ケーキ屋さんのショーケース写真はイメージです Photo:PIXTA

コロナ禍で経営が悪化し、会社を手放す決断をした老舗洋菓子店の経営者。M&Aを通じて“新しいスタート”を切るはずだった。しかし、譲渡の裏には、経営者を縛り続ける思いもよらぬ仕組みが潜んでいた。中小企業の事業承継に潜む“見えないリスク”を、現場の証言から追う。※本稿は、藤田知也『ルポ M&A仲介の罠』(朝日新聞出版)の一部を抜粋・編集したものです。

都内3店舗に店を構える洋菓子会社の
売値は負債も含めて100万円

 東京都心の高層ビルが立ち並ぶ新宿駅西口にあるレンタルオフィスの応接スペース。瀟洒な家具が仕立てられた空間で、ある中小企業の譲渡に向けた「トップ面談」と呼ばれる場が設けられた。2023年4月4日の火曜日だった。

 売り手は、64歳の男性経営者。すぐそばの小田急百貨店新宿西口ハルクを含め、都内3店舗の喫茶店とケーキ工房からなる洋菓子店の運営会社を手放そうとしていた。負債があることも踏まえて、売値は100万円と評価された。

 M&A仲介業者の担当者から買い手の候補として引き合わせられたのは、東京・丸の内に本店を構える持ち株会社の役員だという数人の男女だった。

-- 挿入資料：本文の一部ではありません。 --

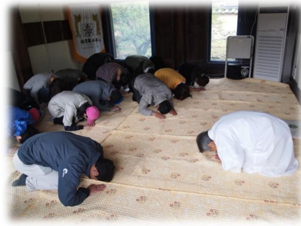
<화려함과 소박함의 우리소리> 안동답사_퇴계 종손과의 만남

 経営者はその場で、相手から値踏みをされるものと身構えていた。自身も中小企業を買った経験があり、資料に載っていない債務はないかと、失礼でも念押ししておくのが作法だと思っていたからだ。

 ところが、そんな質問は出てこない。自分から「借り入れの説明は大丈夫?」と水を向けても、きょとんとしている。

 あれ、この人たちは事業経験があるのかな。そんな不安がわずかに芽生えた。